Azarga Uranium Corp (TSX:AZZ), a CADCA$19.34M small-cap, operates in the oil and gas industry which has endured a prolonged oil price downturn since mid-2014. However, energy-sector analysts are forecasting for the entire industry, a strong double-digit growth of 24.12% in the upcoming year , and a massive triple-digit earnings growth over the next couple of years. Not surprisingly, this rate is more than double the growth rate of the Canadian stock market as a whole. Should your portfolio be overweight in the oil and gas sector at the moment? In this article, I’ll take you through the energy sector growth expectations, and also determine whether AZZ is a laggard or leader relative to its energy sector peers. View our latest analysis for Azarga Uranium
What’s the catalyst for AZZ’s sector growth?
In the past five years, the oil and gas industry growth has been negative 40%, as a result of the oil price collapse. Although profitability is always a key metric, in the oil and gas industry, growth in production and reserves has often been more important. In the past year, the industry delivered negative growth of -0.30%, underperforming the Canadian market growth of 8.26%. AZZ lags the pack with its sustained negative earnings over the past couple of years. The company’s outlook seems uncertain, with a lack of analyst coverage, which doesn’t boost our confidence in the stock. This lack of growth and transparency means AZZ may be trading cheaper than its peers.

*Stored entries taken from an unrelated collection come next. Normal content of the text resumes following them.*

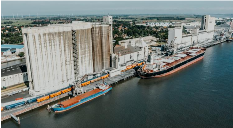
J. MÜLLER Weser in Brake, Althafen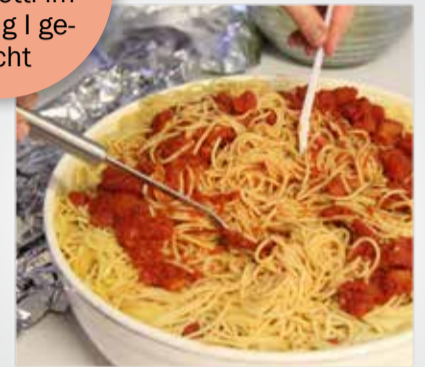
Verpflegung am Training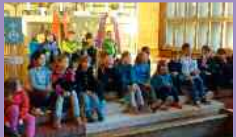
3. Klassen in der Johanneskirche

Is AZZ and the sector relatively cheap?
The energy sector’s PE is currently hovering around 23x, higher than the rest of the Canadian stock market PE of 17x. This illustrates a somewhat overpriced sector compared to the rest of the market. However, the industry returned a lower 6.96% compared to the market’s 9.62%, illustrative of the recent sector upheaval. Since AZZ’s earnings doesn’t seem to reflect its true value, its PE ratio isn’t very useful. A loose alternative to gauge AZZ’s value is to assume the stock should be relatively in-line with its industry.
What this means for you:
Are you a shareholder? AZZ recently delivered an industry-beating growth rate in earnings, which is a positive for shareholders. If you’re bullish on the stock and well-diversified by industry, you may decide to hold onto AZZ as part of your portfolio. However, if you’re relatively concentrated in oil and gas, you may want to value AZZ based on its cash flows to determine if it is overpriced based on its current growth outlook.
Are you a potential investor? If AZZ has been on your watchlist for a while, now may be the time to enter into the stock, if you like its ability to deliver growth and are not highly concentrated in the oil and gas industry. However, before you make a decision on the stock, I suggest you look at AZZ’s future cash flows in order to assess whether the stock is trading at a reasonable price, as well as other important fundamentals such as the company’s financial health in order to build a holistic investment thesis.
For a deeper dive into Azarga Uranium’s stock, take a look at the company’s latest free analysis report to find out more on its financial health and other fundamentals. Interested in other energy stocks instead? Use our free playform to see my list of over 300 other oil and gas companies trading on the market.